Waiting For Rain
Is Jack waiting for rain, or for a rival to wrestle in the tree-lined esplanades of Bandra? This evocative portrait is taken by Sulaika D’Souza from Mumbai, where the temperature today in Colaba was 35 degrees, with humidity as high as 94 percent. The sea breeze brings a respite from the heat, but contributes to the sticky moisture.
The Indian Ocean monsoon is caused by a seasonal shift in winds from ocean to land. Monsoon rain is vital for rice, sugarcane, soya beans, corn and other crops so the meteorological forecasts are followed by farmers, analysts and traders. The deluge often brings with it destruction to property and lives; disruption to transportation and industry, keeping the pumping stations at Haji Arli and Irla in overdrive. In 2005 more than three hundred people died. The slum colony in Vikroli was one of the worst affected places. Waves as high as five metres were measured from the coastline, where people flocked to witness nature’s freak incident. The monsoon makes an appearance in the Andamans in mid May, before reaching the coast of Kerala, arriving in Mumbai by June.

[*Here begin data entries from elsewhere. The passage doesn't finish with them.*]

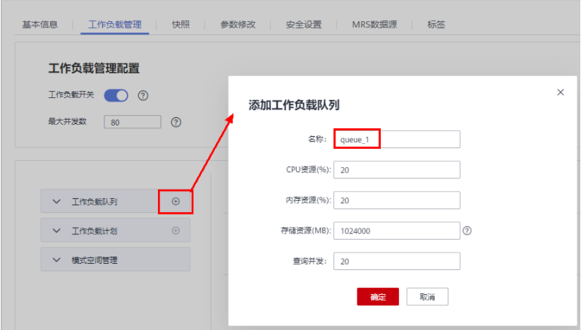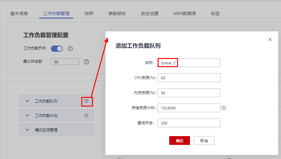 - 登录 GaussDB(DWS) 管理控制台,在集群列表中单击集群名称,切换至“工作负载管理”页签,单击工作负载队列旁的“+”符号添加队列,分别创建报表业务负载队列 queue_1 和核心交易负载队列 queue_2:
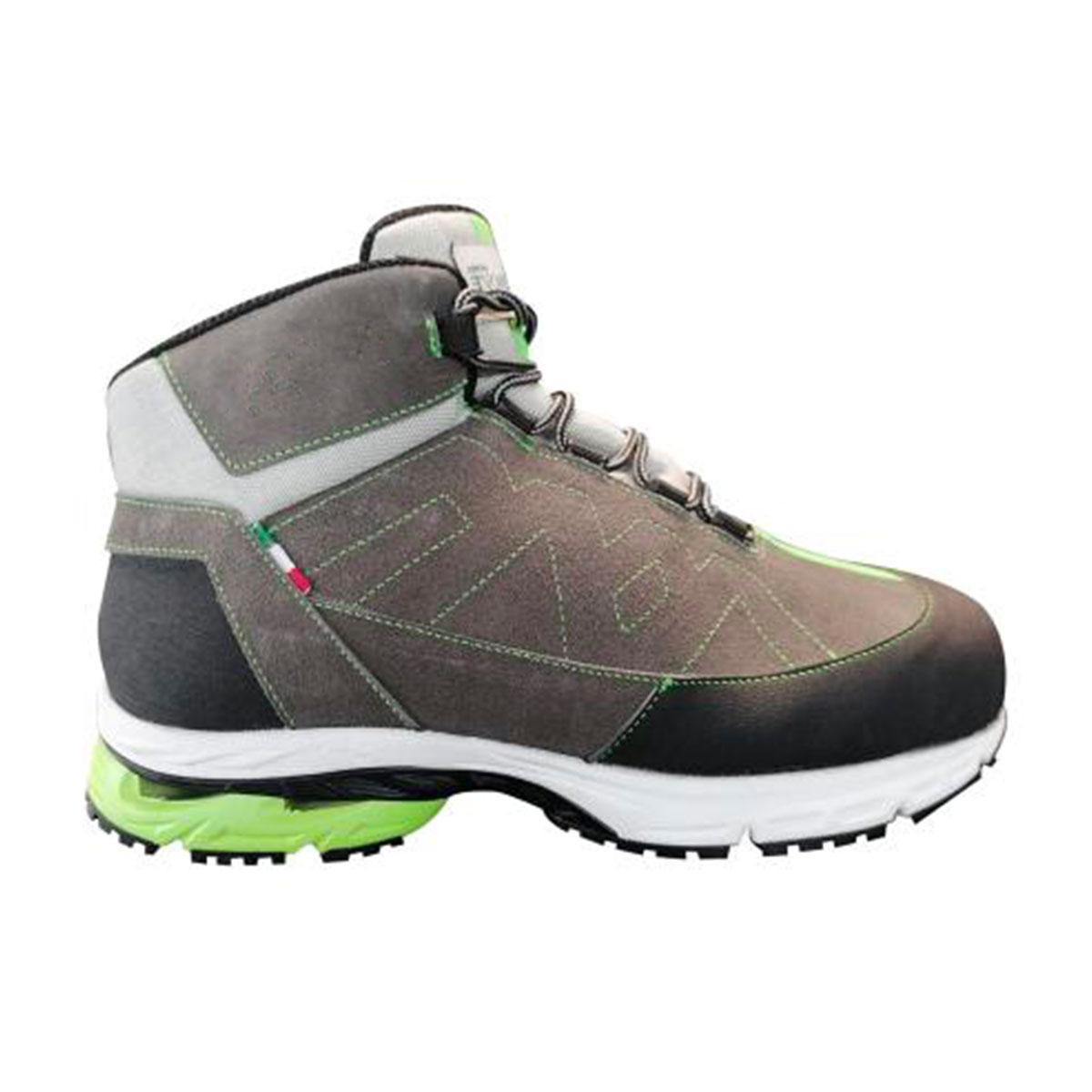 Calzatura alta tipo polacco con tomaia in pelle scamosciata ed inserti in cordura. Riporto antiusura su punta e tallone. Fodera in tessuto 3D Airent altamente traspirante e assorbente. Suola ENERGY SHIELD ultralight in doppio strato di phylon, stabilizzatore e battistrada in gomma, antistatica, antiscivolo. Puntale in Composit®, soletta antiperforazione tessile Kevlar. Lavorazione Ago.
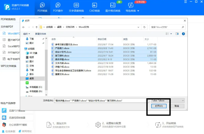 2、把需要轉換格式的Word文檔選中,點擊【打開】添加進來。
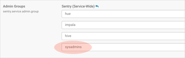 <property> <name>sentry.service.admin.group</name> <value>hue,hive,impala,sysadmins</value> </property>
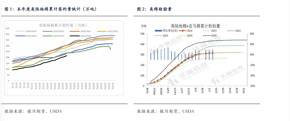 根据最新USDA供需报告来看,本年度美棉产量未作明显调整,2月预估美棉产量在314万吨,处于历史中低位置。根据美国农业部的统计,截至2025年2月14日当周,美陆地棉+皮马棉累计检验量为316万吨,占年美棉产量预估值的100.6%(2024/25年度美棉产量预估值为314万吨)。

In Sydney, the Autumn skies are clear and crisp, the deciduous trees burning crimson and gold as their leaves twist and tumble. They bounce and ricochet from the tyres of passing cars. There’s not much rain here either. It’s a commonly held belief that rain washes away microbes from the air we breathe. Old people pray for rain to clear up their wheezy chest infections. For now, leaves are pasted to my windscreen; the eaves, drains and curbs are overflowing with leaves.